Pythonでも生成はできる。インストールしたレポジトリで以下のようなスクリプトを書いて、
import soundfile as sf
from dia.model import Dia
model = Dia.from_pretrained("nari-labs/Dia-1.6B")
text = "[S1] Dia is an open weights text to dialogue model. [S2] You get full control over scripts and voices. [S1] Wow. Amazing. (laughs) [S2] Try it now on Git hub or Hugging Face."

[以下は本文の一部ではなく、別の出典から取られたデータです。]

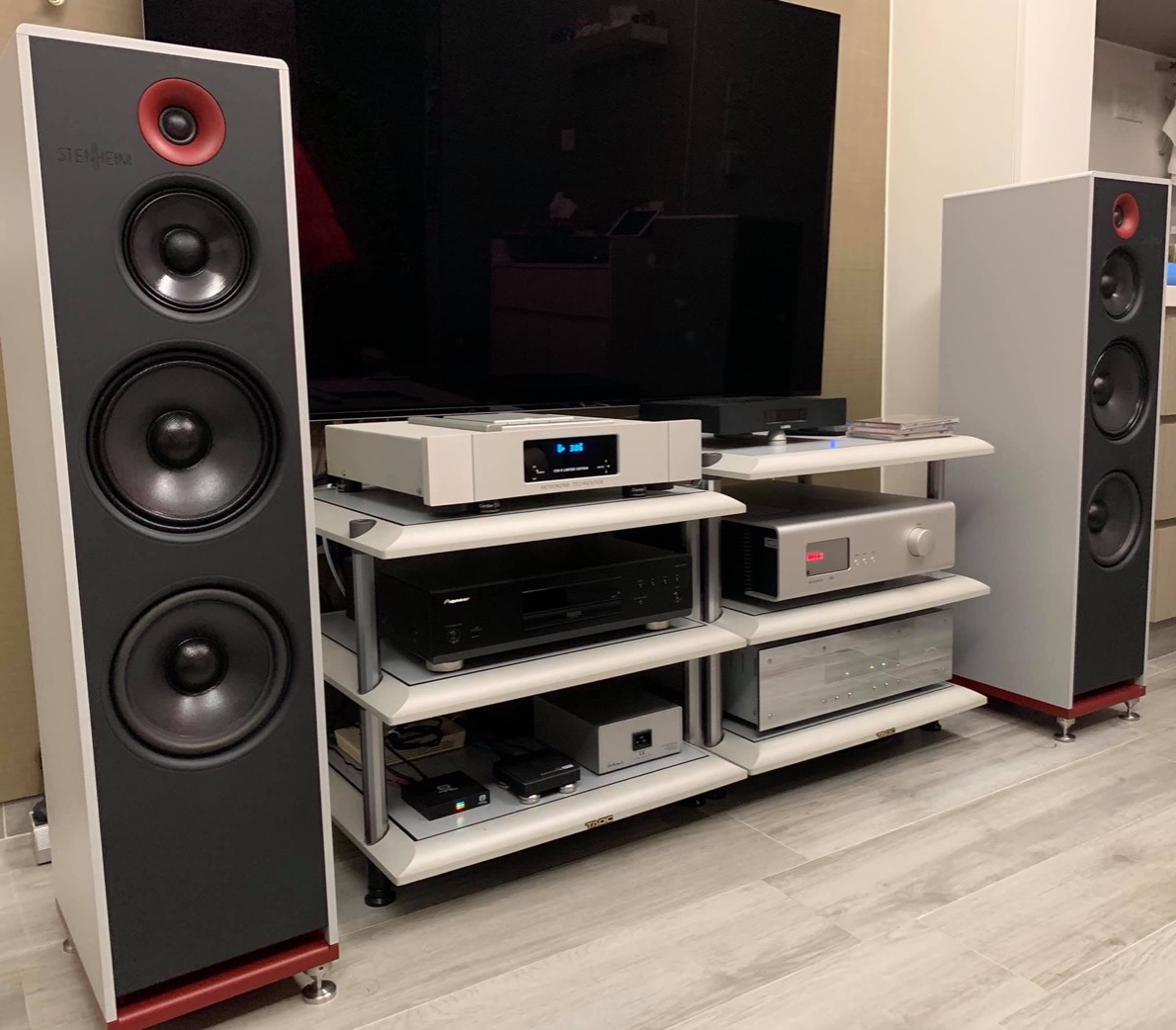Stenheim Alumine THREE (3,2 млн. руб.) - одни из наиболее элегантных напольных спикеров не слишком больших размеров. Предлагаем вам изучить фотогалерею полной системы на базе этих громкоговорителей.
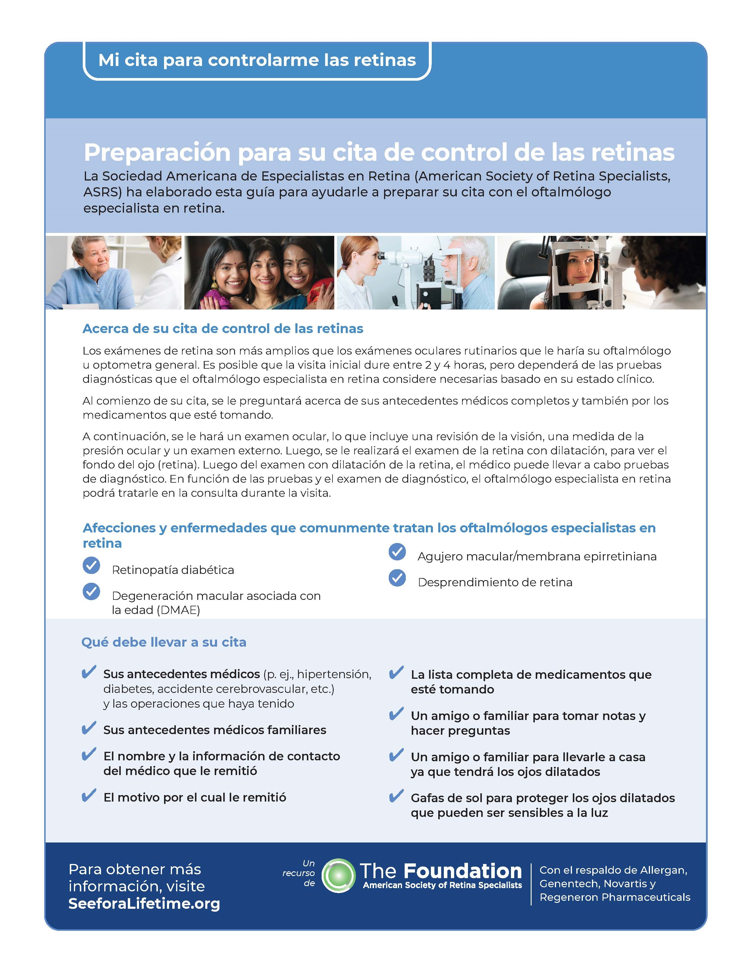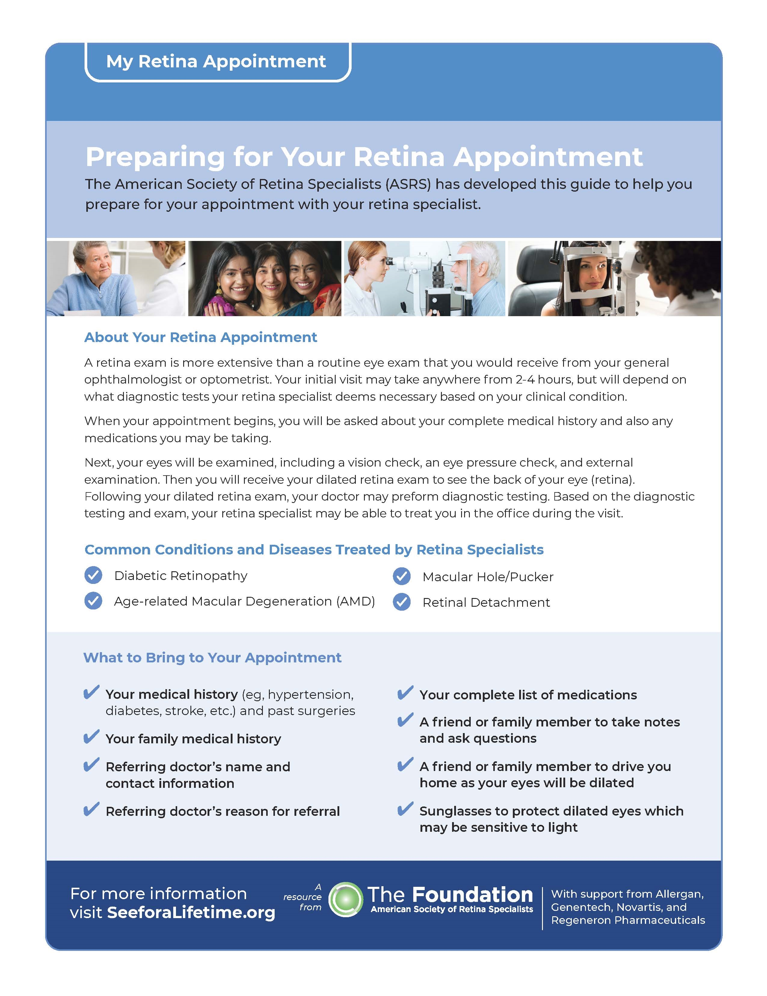 Preparing for Your Retina Appointment: Have an appointment with a retina specialist soon? Download and print this detailed patient discussion guide in English or Spanish, which includes questions you may want to ask your retina specialist to better understand and care for your retinal condition.
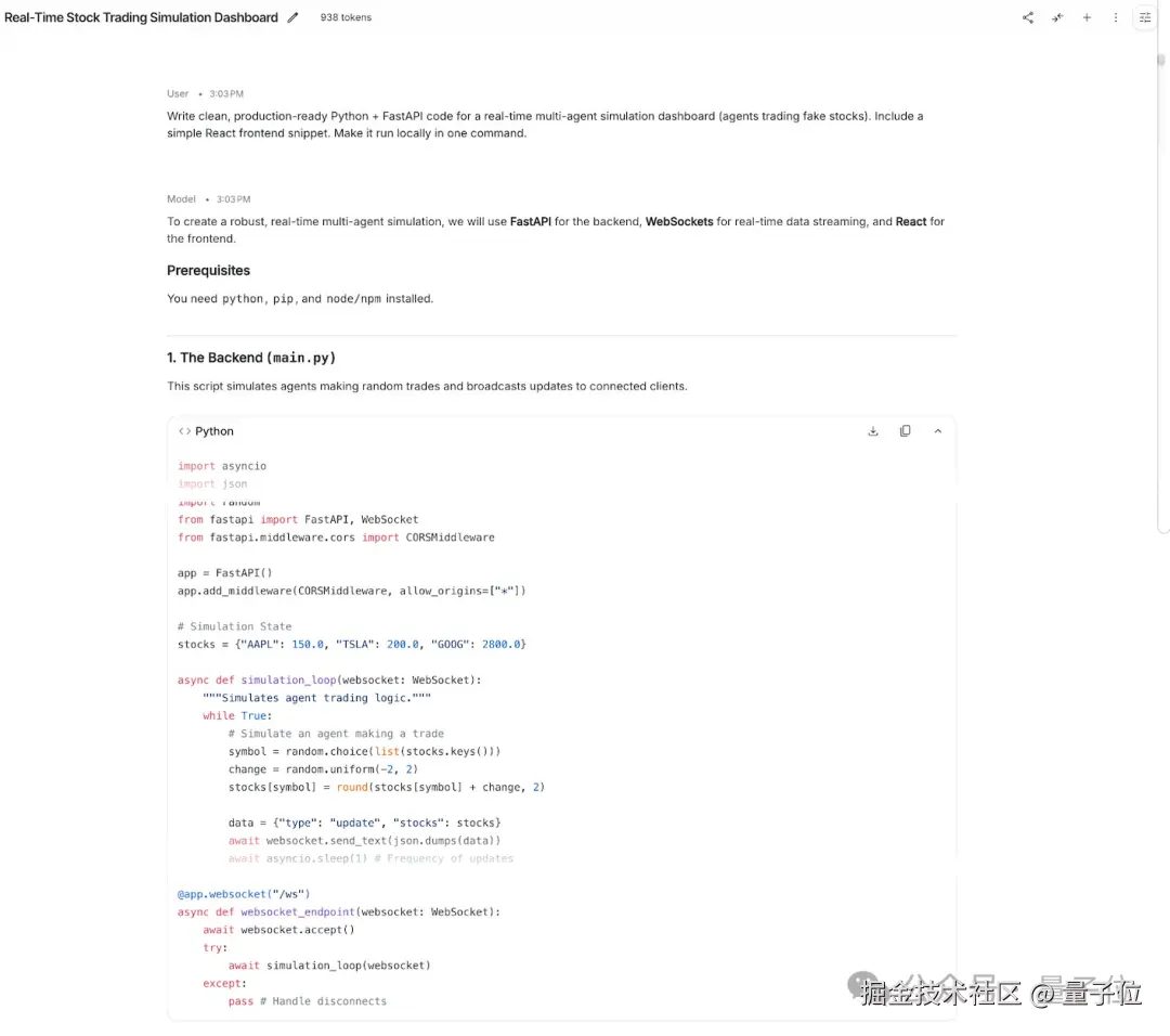 在编程测试中,Gemini 3.1 Flash-Lite 输出简洁直接,没有做复杂的项目拆分,以单文件实现了核心后端功能,可快速运行,无冗余内容。
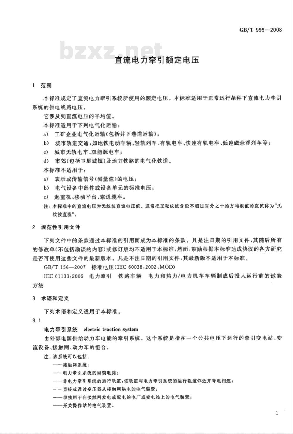 本标准是对GB/T999-1988《直流电力牵引额定电压》的修订。GB/T999--2008
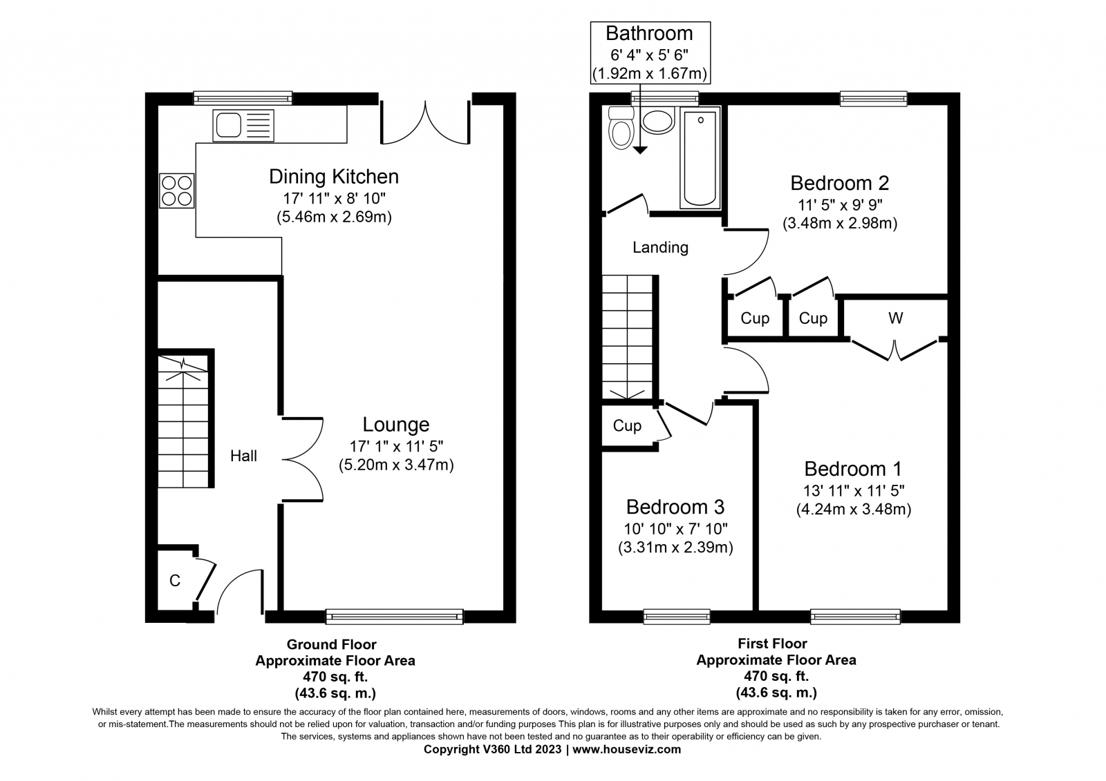 The accommodation is formed over two levels with the ground floor comprising entrance hallway with French doors opening to the spacious open plan living, dining and kitchen area with front facing window and French doors which open from the dining area to the rear garden. The first floor houses the three well-proportioned bedrooms and three-piece family bathroom comprising vanity unit which houses the wc and wash hand basin, and bath with overhead shower.
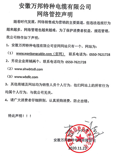 鄭重聲明:安徽萬邦特種電纜有限公司官方網站為:www_wanbangcable_com.kaobangshou.com,除此之外無任何子網站或合作網站,其余均為假冒偽劣。電話:0550-7621728 13485756353 地 址:安徽省天長市滁州高新技術產業開發區經四路29號

output = model.generate(text)
sf.write("simple.mp3", output, 44100)
実行
uv run sample.py
音声ファイルが生成される。
FastAPIでAPIサーバ化する場合にはこちらが良さそう、と思ったら、すでに実装している人がいた
Macの場合はMLX使うのが良さそう。量子化バージョンもある。
まとめ
非常に表現力が高くて、評判通りという印象。すごいね。
ただ、対話形式で生成するという点はsesami/csm-1b
とも似ていて、シンプルなTTSとして考えると少しクセがあるというか使い方を考える必要はある。その場合には、上の方でも少し記載したが、単一話者で音声クローン、になると思う。